H.R. Technologies ("HRT") filed this patent infringement action against Astechnologies in the United States District Court for the Eastern District of Michigan. In its complaint, HRT alleged that Astechnologies had infringed U.S. Patent No. 5,665,185 ("the '185 patent"), which claims a process for preparing a glass fiber containing polymer sheet. Astechnologies responded and filed counterclaims in which it sought a declaratory judgment of noninfringement and attorney fees under 35 U.S.C. 285. Astechnologies was later permitted to add a federal counterclaim of unfair competition in violation of the Lanham Act, 15 U.S.C. 1125, and a state law counterclaim of tortious interference with potential business relations.

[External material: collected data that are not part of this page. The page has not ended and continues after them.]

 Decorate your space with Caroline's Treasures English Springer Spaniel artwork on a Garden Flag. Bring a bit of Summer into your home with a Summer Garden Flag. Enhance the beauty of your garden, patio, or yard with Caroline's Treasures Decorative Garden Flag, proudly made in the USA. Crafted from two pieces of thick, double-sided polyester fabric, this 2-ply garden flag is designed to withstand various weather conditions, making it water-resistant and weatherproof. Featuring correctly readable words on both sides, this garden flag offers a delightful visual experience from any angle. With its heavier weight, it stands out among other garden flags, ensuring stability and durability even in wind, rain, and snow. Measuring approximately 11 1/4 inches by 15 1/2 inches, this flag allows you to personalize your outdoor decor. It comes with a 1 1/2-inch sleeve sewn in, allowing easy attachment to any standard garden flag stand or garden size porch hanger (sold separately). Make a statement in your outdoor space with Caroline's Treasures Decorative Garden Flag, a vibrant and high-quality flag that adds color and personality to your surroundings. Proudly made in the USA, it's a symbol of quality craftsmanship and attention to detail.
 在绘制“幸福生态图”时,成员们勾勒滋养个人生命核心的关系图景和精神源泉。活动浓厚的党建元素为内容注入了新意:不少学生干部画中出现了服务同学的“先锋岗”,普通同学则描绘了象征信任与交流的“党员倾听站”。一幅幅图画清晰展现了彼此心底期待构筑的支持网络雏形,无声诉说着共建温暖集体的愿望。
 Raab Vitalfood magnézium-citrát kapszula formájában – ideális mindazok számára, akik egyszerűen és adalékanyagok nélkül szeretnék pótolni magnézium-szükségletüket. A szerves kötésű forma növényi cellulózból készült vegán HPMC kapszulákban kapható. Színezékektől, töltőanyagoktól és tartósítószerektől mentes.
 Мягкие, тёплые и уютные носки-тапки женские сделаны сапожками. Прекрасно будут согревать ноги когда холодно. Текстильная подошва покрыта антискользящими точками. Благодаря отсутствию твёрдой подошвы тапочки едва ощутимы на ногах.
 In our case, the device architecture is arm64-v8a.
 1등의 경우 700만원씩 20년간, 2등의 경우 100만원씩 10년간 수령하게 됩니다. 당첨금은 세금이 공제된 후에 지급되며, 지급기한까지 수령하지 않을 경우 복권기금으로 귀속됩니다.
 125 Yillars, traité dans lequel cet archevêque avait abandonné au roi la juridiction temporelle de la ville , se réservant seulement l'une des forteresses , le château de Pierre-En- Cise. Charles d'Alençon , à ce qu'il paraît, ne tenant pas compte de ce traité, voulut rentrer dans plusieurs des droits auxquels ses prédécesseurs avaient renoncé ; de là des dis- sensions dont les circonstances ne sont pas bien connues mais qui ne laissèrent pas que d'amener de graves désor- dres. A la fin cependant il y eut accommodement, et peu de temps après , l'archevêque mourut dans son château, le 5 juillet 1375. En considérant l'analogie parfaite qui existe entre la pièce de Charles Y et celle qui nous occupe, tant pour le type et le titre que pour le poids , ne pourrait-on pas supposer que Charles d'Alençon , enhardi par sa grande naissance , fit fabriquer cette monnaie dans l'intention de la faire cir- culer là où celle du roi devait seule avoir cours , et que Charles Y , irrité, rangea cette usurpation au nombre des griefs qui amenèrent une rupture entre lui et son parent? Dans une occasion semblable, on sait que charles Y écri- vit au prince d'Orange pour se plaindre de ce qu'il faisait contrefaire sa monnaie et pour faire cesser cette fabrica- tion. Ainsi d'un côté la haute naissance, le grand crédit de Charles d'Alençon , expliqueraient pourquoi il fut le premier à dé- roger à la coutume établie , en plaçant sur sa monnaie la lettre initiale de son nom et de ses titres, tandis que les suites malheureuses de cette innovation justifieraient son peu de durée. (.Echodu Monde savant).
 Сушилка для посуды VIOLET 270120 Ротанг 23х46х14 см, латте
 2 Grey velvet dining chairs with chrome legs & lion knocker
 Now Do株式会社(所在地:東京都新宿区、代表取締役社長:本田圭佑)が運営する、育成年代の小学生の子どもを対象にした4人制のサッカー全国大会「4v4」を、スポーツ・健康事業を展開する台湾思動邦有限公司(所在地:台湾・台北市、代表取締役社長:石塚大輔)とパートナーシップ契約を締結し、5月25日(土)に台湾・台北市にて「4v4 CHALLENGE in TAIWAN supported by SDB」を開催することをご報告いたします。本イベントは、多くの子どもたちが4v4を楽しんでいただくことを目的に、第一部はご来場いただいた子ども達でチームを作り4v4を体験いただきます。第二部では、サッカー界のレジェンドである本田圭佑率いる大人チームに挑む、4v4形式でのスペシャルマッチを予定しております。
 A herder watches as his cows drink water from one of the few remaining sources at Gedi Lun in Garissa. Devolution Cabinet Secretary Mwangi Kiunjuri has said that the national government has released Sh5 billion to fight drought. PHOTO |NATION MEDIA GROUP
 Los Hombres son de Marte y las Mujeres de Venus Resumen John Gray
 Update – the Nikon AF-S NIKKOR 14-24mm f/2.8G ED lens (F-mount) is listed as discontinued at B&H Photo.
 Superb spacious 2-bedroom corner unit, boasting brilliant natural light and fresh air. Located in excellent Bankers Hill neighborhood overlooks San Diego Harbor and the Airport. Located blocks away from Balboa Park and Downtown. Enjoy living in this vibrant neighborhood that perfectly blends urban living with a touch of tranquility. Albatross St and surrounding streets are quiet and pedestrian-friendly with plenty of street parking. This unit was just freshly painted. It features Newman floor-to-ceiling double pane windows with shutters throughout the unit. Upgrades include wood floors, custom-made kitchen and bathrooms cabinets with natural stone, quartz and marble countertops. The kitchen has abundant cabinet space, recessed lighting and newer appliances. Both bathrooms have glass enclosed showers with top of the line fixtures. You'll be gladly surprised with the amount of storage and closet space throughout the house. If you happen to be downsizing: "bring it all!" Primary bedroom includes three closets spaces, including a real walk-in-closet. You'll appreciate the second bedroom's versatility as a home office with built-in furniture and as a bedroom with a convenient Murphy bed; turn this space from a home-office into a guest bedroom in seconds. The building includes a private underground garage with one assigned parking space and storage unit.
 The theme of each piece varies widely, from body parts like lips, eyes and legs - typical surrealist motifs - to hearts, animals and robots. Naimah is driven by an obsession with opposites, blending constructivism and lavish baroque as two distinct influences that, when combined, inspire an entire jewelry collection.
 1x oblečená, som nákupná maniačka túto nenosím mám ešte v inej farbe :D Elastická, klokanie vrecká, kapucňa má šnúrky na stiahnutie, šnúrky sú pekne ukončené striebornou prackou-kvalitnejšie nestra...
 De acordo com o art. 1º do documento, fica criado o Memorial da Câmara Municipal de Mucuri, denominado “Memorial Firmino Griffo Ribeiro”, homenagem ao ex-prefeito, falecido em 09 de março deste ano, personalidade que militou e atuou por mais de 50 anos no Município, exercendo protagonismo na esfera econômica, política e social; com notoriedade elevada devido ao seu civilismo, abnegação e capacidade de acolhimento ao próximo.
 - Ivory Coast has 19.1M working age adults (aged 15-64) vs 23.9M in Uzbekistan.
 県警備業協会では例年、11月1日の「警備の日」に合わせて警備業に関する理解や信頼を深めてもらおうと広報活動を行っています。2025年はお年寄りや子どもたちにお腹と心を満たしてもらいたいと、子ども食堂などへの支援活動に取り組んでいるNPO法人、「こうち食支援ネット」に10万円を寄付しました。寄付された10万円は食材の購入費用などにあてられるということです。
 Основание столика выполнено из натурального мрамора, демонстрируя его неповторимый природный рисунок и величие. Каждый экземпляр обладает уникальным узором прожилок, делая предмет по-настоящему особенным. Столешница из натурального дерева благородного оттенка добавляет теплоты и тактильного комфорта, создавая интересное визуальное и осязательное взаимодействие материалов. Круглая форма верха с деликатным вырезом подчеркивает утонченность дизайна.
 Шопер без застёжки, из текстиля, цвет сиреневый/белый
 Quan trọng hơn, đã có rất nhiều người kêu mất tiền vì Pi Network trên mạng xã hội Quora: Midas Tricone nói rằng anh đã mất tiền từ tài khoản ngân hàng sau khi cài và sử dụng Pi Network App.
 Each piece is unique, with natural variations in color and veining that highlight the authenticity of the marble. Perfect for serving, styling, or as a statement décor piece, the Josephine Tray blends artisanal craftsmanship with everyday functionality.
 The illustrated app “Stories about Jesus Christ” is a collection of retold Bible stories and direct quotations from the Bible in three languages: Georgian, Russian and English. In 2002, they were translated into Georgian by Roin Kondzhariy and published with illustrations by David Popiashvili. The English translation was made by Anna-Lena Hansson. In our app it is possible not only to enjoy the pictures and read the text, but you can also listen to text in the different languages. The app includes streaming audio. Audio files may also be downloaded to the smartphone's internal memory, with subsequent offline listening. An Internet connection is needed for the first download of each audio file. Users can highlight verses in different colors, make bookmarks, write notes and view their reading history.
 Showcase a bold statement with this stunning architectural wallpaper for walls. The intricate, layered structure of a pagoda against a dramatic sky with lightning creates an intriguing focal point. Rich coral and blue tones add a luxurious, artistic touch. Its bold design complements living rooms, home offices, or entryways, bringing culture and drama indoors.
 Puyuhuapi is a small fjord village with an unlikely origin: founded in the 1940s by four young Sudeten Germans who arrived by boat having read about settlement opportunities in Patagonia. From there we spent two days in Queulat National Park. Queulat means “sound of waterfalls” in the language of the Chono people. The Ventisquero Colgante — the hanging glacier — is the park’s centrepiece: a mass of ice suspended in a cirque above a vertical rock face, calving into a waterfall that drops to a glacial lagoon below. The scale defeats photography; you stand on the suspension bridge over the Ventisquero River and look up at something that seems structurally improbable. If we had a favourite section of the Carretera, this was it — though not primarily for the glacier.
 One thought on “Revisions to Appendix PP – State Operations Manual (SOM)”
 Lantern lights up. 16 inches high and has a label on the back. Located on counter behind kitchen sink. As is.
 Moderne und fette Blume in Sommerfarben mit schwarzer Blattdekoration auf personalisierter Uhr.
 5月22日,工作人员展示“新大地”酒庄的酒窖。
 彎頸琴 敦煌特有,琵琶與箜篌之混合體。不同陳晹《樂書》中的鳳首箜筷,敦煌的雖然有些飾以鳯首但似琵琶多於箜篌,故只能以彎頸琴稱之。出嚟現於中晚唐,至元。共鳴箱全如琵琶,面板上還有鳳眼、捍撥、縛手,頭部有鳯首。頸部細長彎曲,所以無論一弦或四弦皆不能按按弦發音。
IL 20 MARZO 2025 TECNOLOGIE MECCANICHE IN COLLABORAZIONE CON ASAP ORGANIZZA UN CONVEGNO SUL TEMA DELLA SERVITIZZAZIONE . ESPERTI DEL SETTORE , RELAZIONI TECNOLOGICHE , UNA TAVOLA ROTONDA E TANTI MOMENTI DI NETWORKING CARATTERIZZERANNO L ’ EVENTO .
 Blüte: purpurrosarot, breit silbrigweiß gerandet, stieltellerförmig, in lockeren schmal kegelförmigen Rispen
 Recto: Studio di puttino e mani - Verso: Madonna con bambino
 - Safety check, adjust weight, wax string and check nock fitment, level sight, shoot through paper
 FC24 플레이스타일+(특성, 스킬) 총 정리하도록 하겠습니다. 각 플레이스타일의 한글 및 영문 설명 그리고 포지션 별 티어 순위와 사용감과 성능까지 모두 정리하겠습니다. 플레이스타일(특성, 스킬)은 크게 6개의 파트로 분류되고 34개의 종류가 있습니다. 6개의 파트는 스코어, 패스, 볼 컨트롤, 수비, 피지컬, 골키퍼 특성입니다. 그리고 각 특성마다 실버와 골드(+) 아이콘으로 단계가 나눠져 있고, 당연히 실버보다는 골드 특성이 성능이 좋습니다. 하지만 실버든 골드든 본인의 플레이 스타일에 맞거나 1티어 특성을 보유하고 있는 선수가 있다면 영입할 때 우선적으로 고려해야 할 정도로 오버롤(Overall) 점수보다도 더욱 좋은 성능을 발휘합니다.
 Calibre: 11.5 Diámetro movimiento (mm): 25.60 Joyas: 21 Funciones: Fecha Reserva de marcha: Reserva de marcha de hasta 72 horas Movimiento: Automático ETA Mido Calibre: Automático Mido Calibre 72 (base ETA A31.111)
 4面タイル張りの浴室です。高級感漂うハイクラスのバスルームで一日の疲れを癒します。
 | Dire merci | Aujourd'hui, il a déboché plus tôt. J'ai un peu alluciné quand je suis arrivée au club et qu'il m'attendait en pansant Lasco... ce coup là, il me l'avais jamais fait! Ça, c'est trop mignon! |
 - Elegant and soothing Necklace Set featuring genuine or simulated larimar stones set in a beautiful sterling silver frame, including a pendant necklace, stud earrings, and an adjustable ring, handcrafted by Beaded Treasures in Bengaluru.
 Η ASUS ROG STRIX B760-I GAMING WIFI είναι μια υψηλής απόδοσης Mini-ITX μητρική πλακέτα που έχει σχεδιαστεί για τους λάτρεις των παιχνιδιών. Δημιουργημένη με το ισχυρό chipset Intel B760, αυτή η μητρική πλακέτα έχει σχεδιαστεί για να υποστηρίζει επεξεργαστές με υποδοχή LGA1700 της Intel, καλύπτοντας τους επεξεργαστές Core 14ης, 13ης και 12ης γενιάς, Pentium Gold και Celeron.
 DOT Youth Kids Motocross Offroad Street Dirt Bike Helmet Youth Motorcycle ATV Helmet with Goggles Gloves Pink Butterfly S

At the time it filed suit, HRT believed that it had obtained ownership of the '185 patent pursuant to an October 6, 1998, assignment from ESFI Acquisition, a company owned by Brian L. Meeker, the inventor of the '185 patent. During discovery, however, the parties learned that HRT did not actually own the '185 patent because ESFI did not own the patent at the time of the purported assignment. Meeker initially had assigned the patent to ESFI on January 5, 1996, but as he was winding up ESFI, he transferred the '185 patent back to himself on June 27, 1996. When HRT executed the October 6, 1998, agreement with ESFI purporting to transfer ownership of the '185 patent, HRT was unaware of the prior June 27, 1996, assignment to Meeker.

Astechnologies moved to dismiss the complaint with prejudice on the ground that HRT lacked standing at the time the action was brought. HRT in turn moved to dismiss the action without prejudice. The district court decided the cross-motions to dismiss by dismissing the action without prejudice to HRT's right to file another action in the event that it obtained standing. HRT promptly corrected the assignment error and re-filed its complaint against Astechnologies. The re-filed case was assigned to the same judge.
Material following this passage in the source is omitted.